Augusta shelter supervisor remembers deadly Hurricane Katrina, says it’s his duty to make evacuees feel welcome

AUGUSTA, Ga. (WJBF) – Hurricane Irma has been dubbed one the most powerful storms to form in the Atlantic Ocean.

The mass devastation brings back many heartbreaking memories of past natural disasters.

“That bothers me still today,” said Trinity on the Hill shelter supervisor Eric Long.

People fleeing Hurricane Irma’s wrath has shelter volunteers working long hours to keep things running smoothly.

Despite the tiring shifts Long says nothing compares to making evacuees feel welcome.

“We are here at a church and we are here to serve people,” he told WJBF NewsChannel 6. “That’s not an option for us that is a requirement.”

Long has seen many natural disasters.

One in particular that he’ll never forget is the destructive and deadly hurricane Katrina.

“I was standing on a street and as far down the street as you could see stuff is piled 10 feet high on the curb waiting to be picked up and in the driveway was a child’s teddy bear.” He said. “My children, at the time were about that age. It was just heart wrenching.”

The tropical cyclone was one of the costliest natural disasters in U.S. history, thousands of families lost everything.

The image of that teddy bear still lingers in the back of Long’s mind to this day.

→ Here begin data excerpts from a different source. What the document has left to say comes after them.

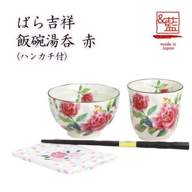 日本美濃燒ばら雅瓦杯瓦碗筷子禮盒套裝 (日本製)
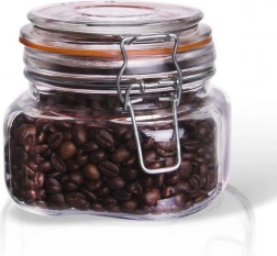 Praktická skleněná zavařovací sklenice s klipovým uzávěrem a gumovým těsněním o objemu 500 ml je ideální pro každodenní použití v kuchyni. Díky pevné skleněné konstrukci, kvalitnímu kovovému klipu a těsnému uzavírání udrží potraviny déle čerstvé. Skvěle se hodí na kávu, čaj, koření, malé ovoce i domácí zavařeniny.
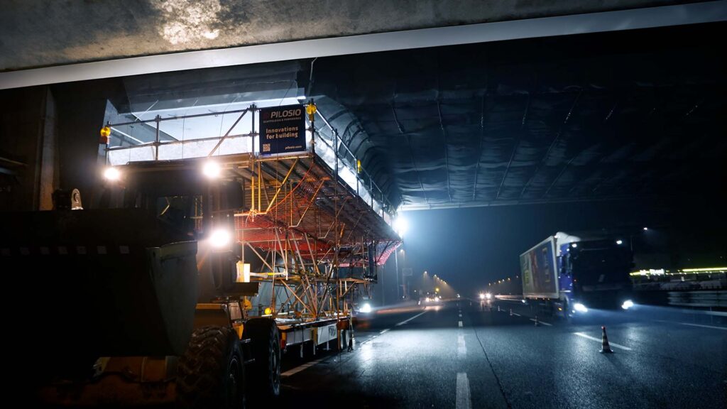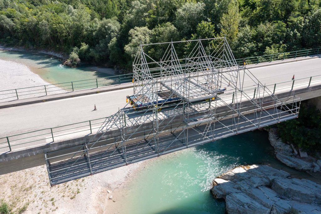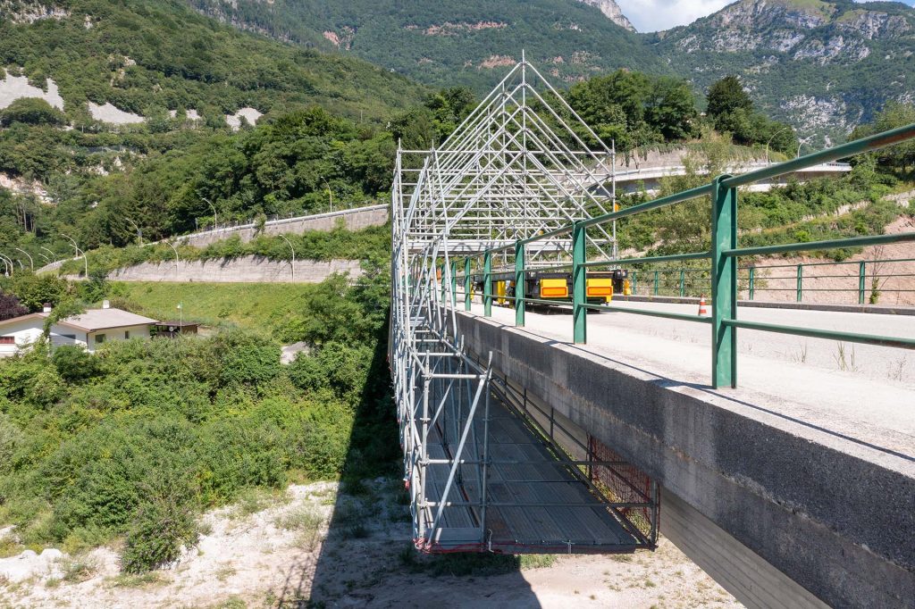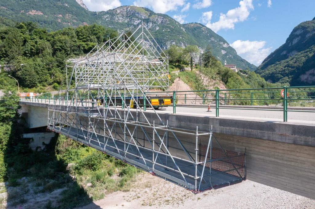 Le aree di lavoro create anche in negativo possono essere realizzate con qualsiasi tipologia di ponteggio multidirezionale e di passo e, soprattutto, con qualunque geometria si renda necessaria per raggiungere i punti estremi su ponti, viadotti e gallerie e in genere qualsiasi opera da servire.
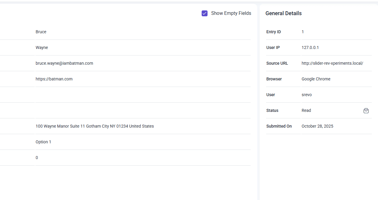 When you select an entry, you can gather extra details about the user, like their IP address, user name (if logged in), source URL (if the form appears on multiple pages), and browser type.
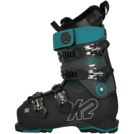 BFC, das steht für „Build For Comfort“ – Für besonderen Komfort gefertigt. Dieses Modell zeichnet sich durch eine exzellente Passform und durchdachte Technologien aus. Die BFC W 80 sind weiche Boots (Flex 80) und dadurch sowohl für Anfänger, als auch für Fortgeschrittene Skifahrerinnen geeignet. Die äußere Schicht besteht aus dem besonders leichten Powerlite Shell, welche aus vier unterschiedlich steifen TPU-Schalen zusammengesetzt ist. Dank diesem Material hast du einen der leichtesten Skischuhe seiner Klasse bei unveränderter Dynamik und Agilität auf der Piste. Geschlossen werden die Skischuhe mit vier individuell und unabhängig voneinander einstellbaren Schnappverschlüssen, dem K2 eigenen Hands Free Entry. So kommst du leicht in die Boots und kannst sie bequem wieder ausziehen.

“This is a little child who doesn’t know what’s going on and all the stuff that they had, their blanket, their pillow, their stuffed animal. They are all gone. That bothers me still today.” Long said.

He says volunteering is priceless and it means the world to evacuees, who just walked away from their homes and everything they know.

“I can show hospitality for these folks,” Long told WJBF NewsChannel 6. “At least provide them a safe, warm environment and welcome them here.”